## [Information supplied]
####################

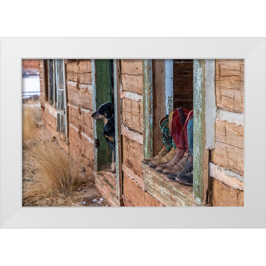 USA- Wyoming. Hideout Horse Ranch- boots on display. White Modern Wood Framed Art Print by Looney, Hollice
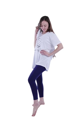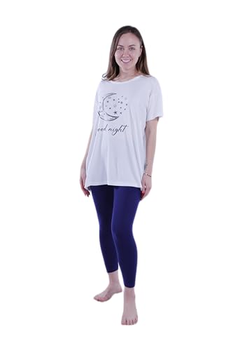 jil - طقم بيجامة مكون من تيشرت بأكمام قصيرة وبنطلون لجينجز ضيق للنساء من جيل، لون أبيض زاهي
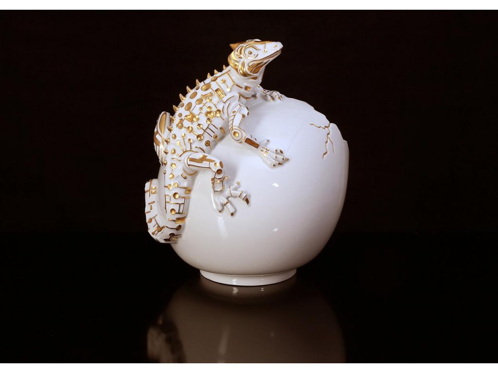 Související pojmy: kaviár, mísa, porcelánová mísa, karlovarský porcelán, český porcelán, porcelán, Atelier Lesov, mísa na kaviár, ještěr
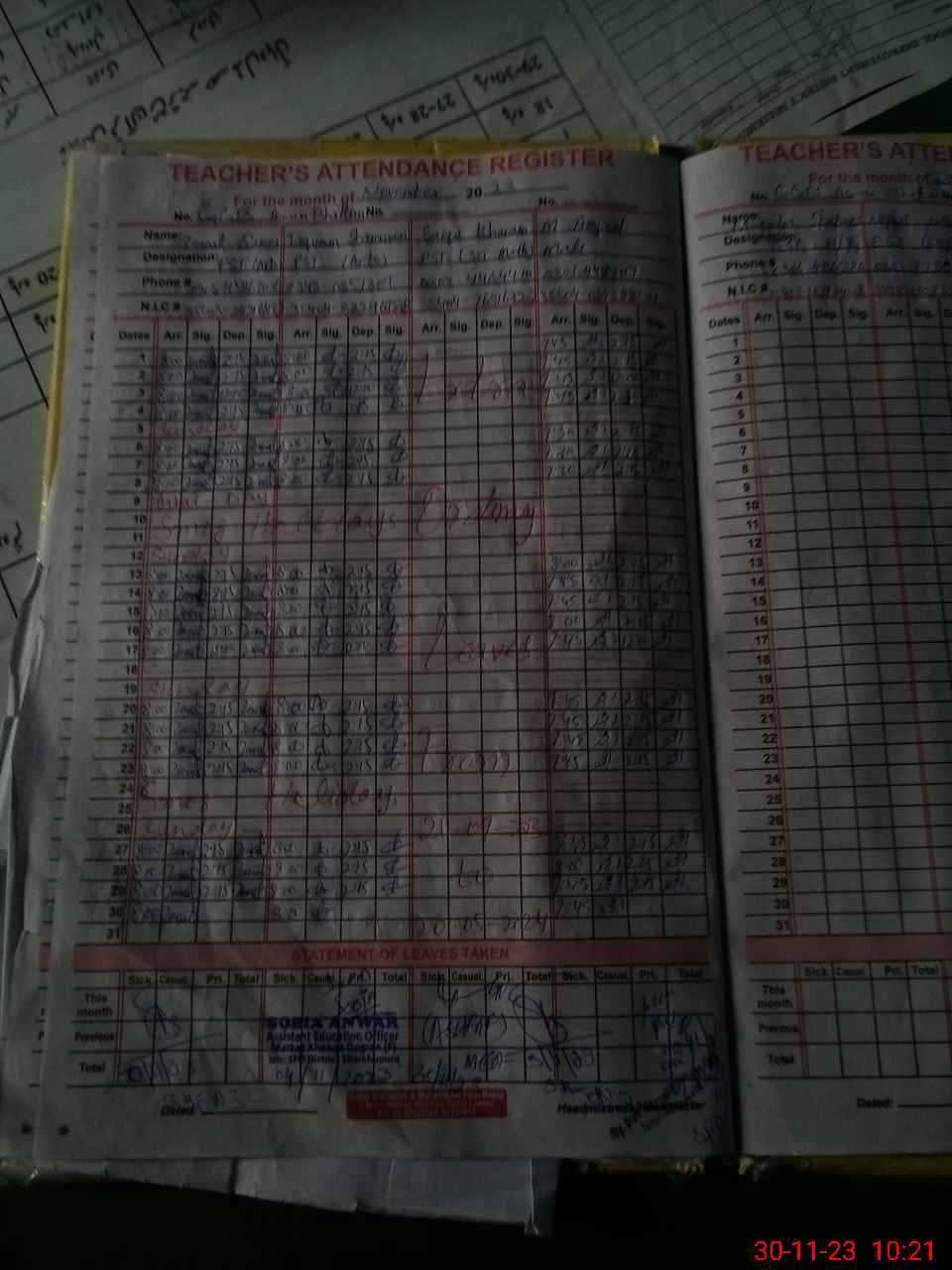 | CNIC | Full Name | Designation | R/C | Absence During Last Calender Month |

####################

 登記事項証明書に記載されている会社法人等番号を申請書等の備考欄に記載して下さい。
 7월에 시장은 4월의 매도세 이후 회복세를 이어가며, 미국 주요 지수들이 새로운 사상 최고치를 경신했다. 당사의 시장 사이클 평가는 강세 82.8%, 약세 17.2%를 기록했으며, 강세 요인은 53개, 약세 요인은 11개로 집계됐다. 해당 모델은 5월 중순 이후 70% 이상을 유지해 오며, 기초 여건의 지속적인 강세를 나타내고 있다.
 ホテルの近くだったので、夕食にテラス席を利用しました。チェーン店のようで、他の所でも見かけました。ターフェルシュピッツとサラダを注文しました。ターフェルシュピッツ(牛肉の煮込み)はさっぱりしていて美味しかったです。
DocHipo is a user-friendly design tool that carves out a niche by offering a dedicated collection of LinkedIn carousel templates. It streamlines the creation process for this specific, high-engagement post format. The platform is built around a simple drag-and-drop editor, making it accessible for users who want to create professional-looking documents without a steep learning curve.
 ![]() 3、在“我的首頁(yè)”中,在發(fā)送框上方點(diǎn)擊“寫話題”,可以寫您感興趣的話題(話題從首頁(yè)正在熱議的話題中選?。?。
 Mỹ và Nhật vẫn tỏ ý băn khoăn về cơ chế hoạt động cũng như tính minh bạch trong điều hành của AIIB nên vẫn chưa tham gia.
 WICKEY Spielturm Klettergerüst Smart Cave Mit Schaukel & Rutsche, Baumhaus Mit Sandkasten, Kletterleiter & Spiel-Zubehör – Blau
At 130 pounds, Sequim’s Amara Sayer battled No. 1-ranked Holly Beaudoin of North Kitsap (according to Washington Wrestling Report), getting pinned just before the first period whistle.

####################

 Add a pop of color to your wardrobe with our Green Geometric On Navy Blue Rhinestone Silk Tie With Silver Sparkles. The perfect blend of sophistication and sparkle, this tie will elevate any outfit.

####################

## [Directions for this task]
Every line from the line containing "登記事項証明書に記載されてい" through the line containing "At 130 pounds, Sequim’s" in the records above must be retyped exactly. Leave out the rest.

## [The answer]
 登記事項証明書に記載されている会社法人等番号を申請書等の備考欄に記載して下さい。
 7월에 시장은 4월의 매도세 이후 회복세를 이어가며, 미국 주요 지수들이 새로운 사상 최고치를 경신했다. 당사의 시장 사이클 평가는 강세 82.8%, 약세 17.2%를 기록했으며, 강세 요인은 53개, 약세 요인은 11개로 집계됐다. 해당 모델은 5월 중순 이후 70% 이상을 유지해 오며, 기초 여건의 지속적인 강세를 나타내고 있다.
 ホテルの近くだったので、夕食にテラス席を利用しました。チェーン店のようで、他の所でも見かけました。ターフェルシュピッツとサラダを注文しました。ターフェルシュピッツ(牛肉の煮込み)はさっぱりしていて美味しかったです。
DocHipo is a user-friendly design tool that carves out a niche by offering a dedicated collection of LinkedIn carousel templates. It streamlines the creation process for this specific, high-engagement post format. The platform is built around a simple drag-and-drop editor, making it accessible for users who want to create professional-looking documents without a steep learning curve.
 ![]() 3、在“我的首頁(yè)”中,在發(fā)送框上方點(diǎn)擊“寫話題”,可以寫您感興趣的話題(話題從首頁(yè)正在熱議的話題中選?。?。
 Mỹ và Nhật vẫn tỏ ý băn khoăn về cơ chế hoạt động cũng như tính minh bạch trong điều hành của AIIB nên vẫn chưa tham gia.
 WICKEY Spielturm Klettergerüst Smart Cave Mit Schaukel & Rutsche, Baumhaus Mit Sandkasten, Kletterleiter & Spiel-Zubehör – Blau
At 130 pounds, Sequim’s Amara Sayer battled No. 1-ranked Holly Beaudoin of North Kitsap (according to Washington Wrestling Report), getting pinned just before the first period whistle.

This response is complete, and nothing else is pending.